> WHAT THIS TASK INVOLVES:
Give the whole listing below once more, exactly, without pictures.

> PROVIDED DATA:
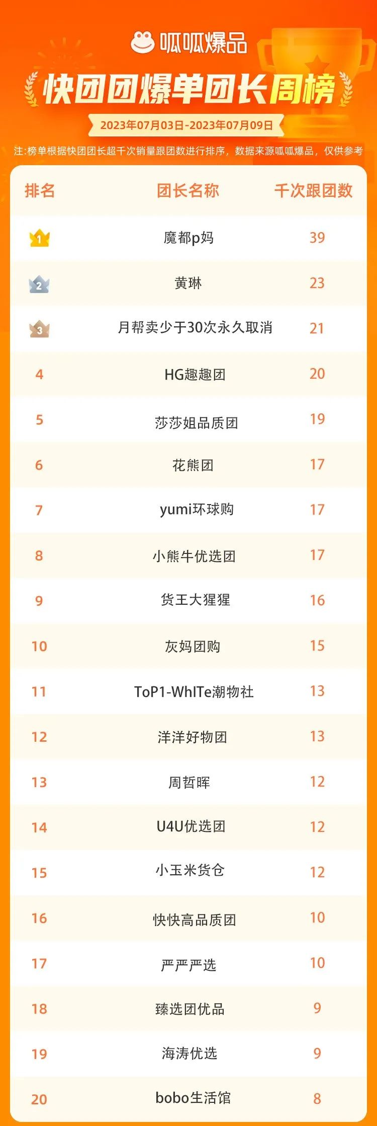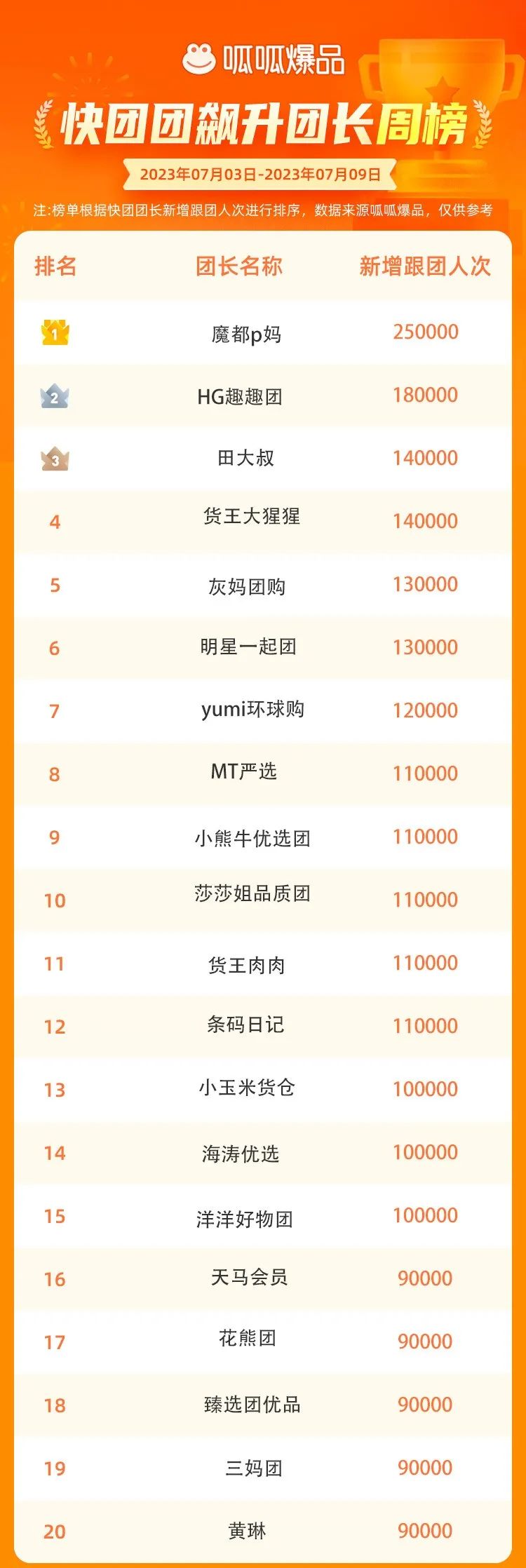 07/13 呱呱爆品独家发布快团团数据周榜:黑马团长田大叔新增跟团14万次,夏季清仓爆品数据亮眼!
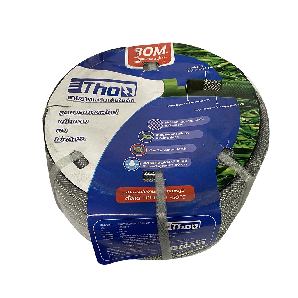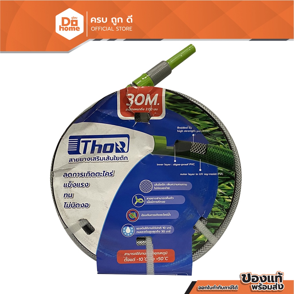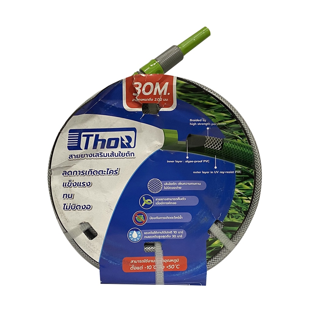 THOR สายยางเสริมด้ายสีเทา พร้อมหัวฉีด 1/2 นิ้ว ยาว 30 ม. |ROL|
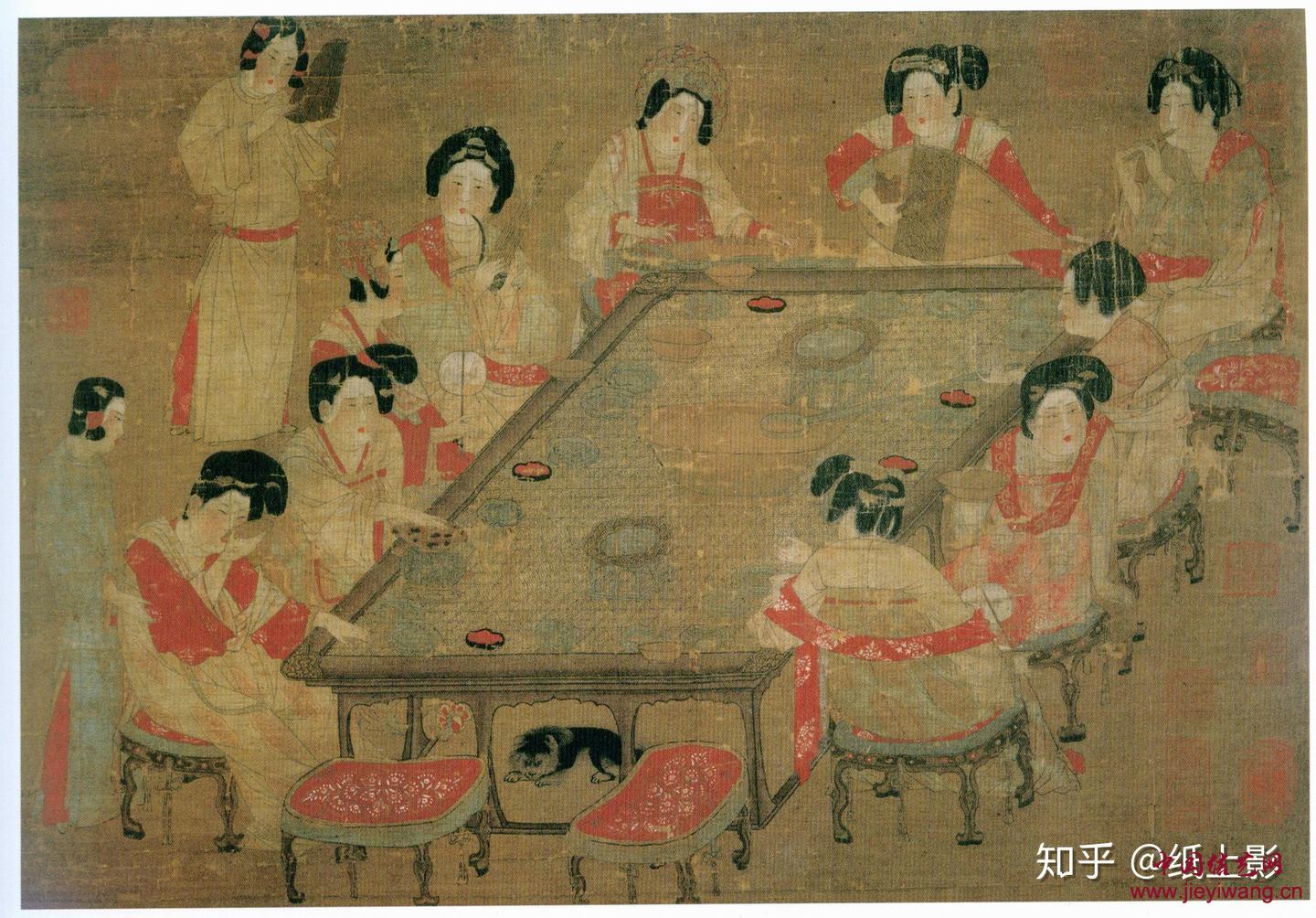 - 《唐人宫乐图》(又称《宫乐图》)是现存为数不多的晚唐写实仕女画真迹,绢本设色,现藏于台北故宫博物院。画作以工笔写实手法,完整记录了唐代宫廷仕女宴饮奏乐的生活场景.这组椅子上的绳结......
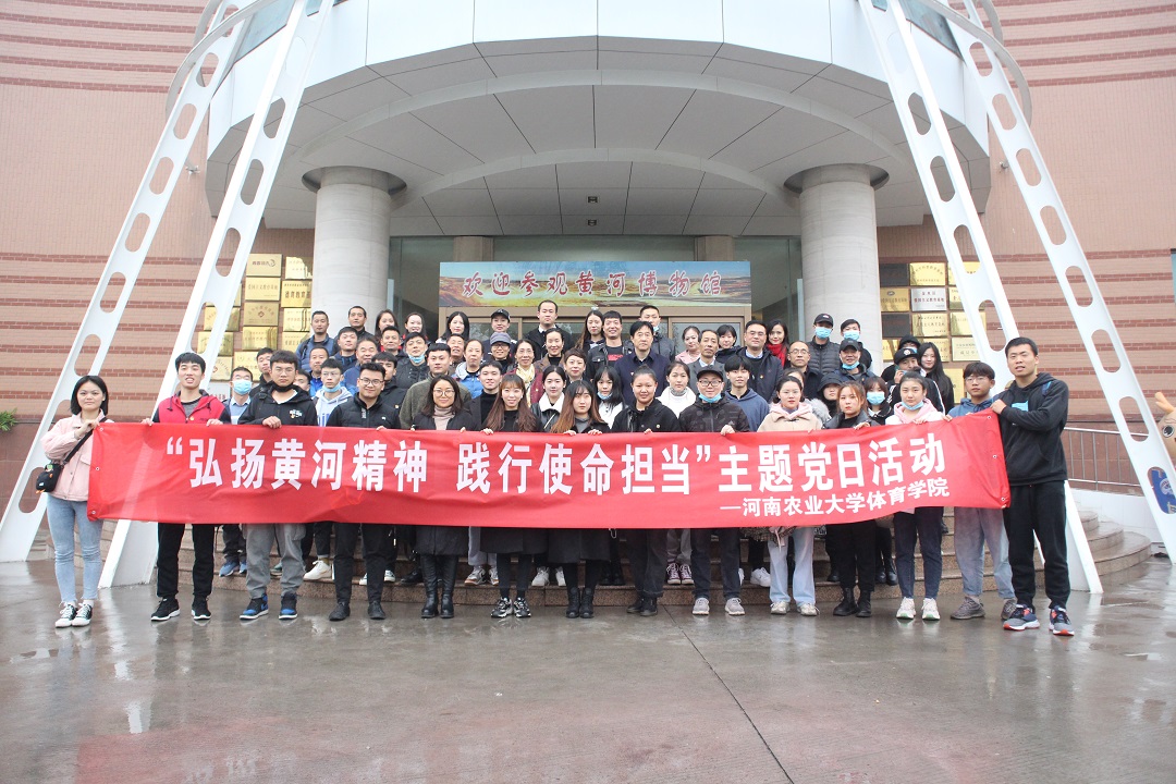 调研座谈讲话精神热潮之际,开展这次活动很有意义。一定要以这次活动为契机,深入从“母亲河”的伟大精神中汲取营养,在敬仰中传承历史,在奋斗中开创未来;一定要把奔腾不息的黄河文化和坚忍不拔的治黄精神延续到工作和生活中,立足岗位,做好学院“十三五”总结和“十四五”发展规划的编制工作;一定要站在新的历史起点,守初心担使命,传承民族文化,弘扬黄河精神,以体立心,凝聚体育强国的正能量,做健康中国的践行者;一定要坚定理想信念,牢记习近平总书记嘱托,争做出彩河南人,汇成奋勇争先、共谋出彩的时代洪流,像九曲黄河那样,以百折不挠的气势奔腾向前,只争朝夕,不负韶华,为建设以农为优势特色的高水平大学贡献力量。

> REPLY TO THE EXERCISE:
 07/13 呱呱爆品独家发布快团团数据周榜:黑马团长田大叔新增跟团14万次,夏季清仓爆品数据亮眼!
 THOR สายยางเสริมด้ายสีเทา พร้อมหัวฉีด 1/2 นิ้ว ยาว 30 ม. |ROL|
 - 《唐人宫乐图》(又称《宫乐图》)是现存为数不多的晚唐写实仕女画真迹,绢本设色,现藏于台北故宫博物院。画作以工笔写实手法,完整记录了唐代宫廷仕女宴饮奏乐的生活场景.这组椅子上的绳结......
 调研座谈讲话精神热潮之际,开展这次活动很有意义。一定要以这次活动为契机,深入从“母亲河”的伟大精神中汲取营养,在敬仰中传承历史,在奋斗中开创未来;一定要把奔腾不息的黄河文化和坚忍不拔的治黄精神延续到工作和生活中,立足岗位,做好学院“十三五”总结和“十四五”发展规划的编制工作;一定要站在新的历史起点,守初心担使命,传承民族文化,弘扬黄河精神,以体立心,凝聚体育强国的正能量,做健康中国的践行者;一定要坚定理想信念,牢记习近平总书记嘱托,争做出彩河南人,汇成奋勇争先、共谋出彩的时代洪流,像九曲黄河那样,以百折不挠的气势奔腾向前,只争朝夕,不负韶华,为建设以农为优势特色的高水平大学贡献力量。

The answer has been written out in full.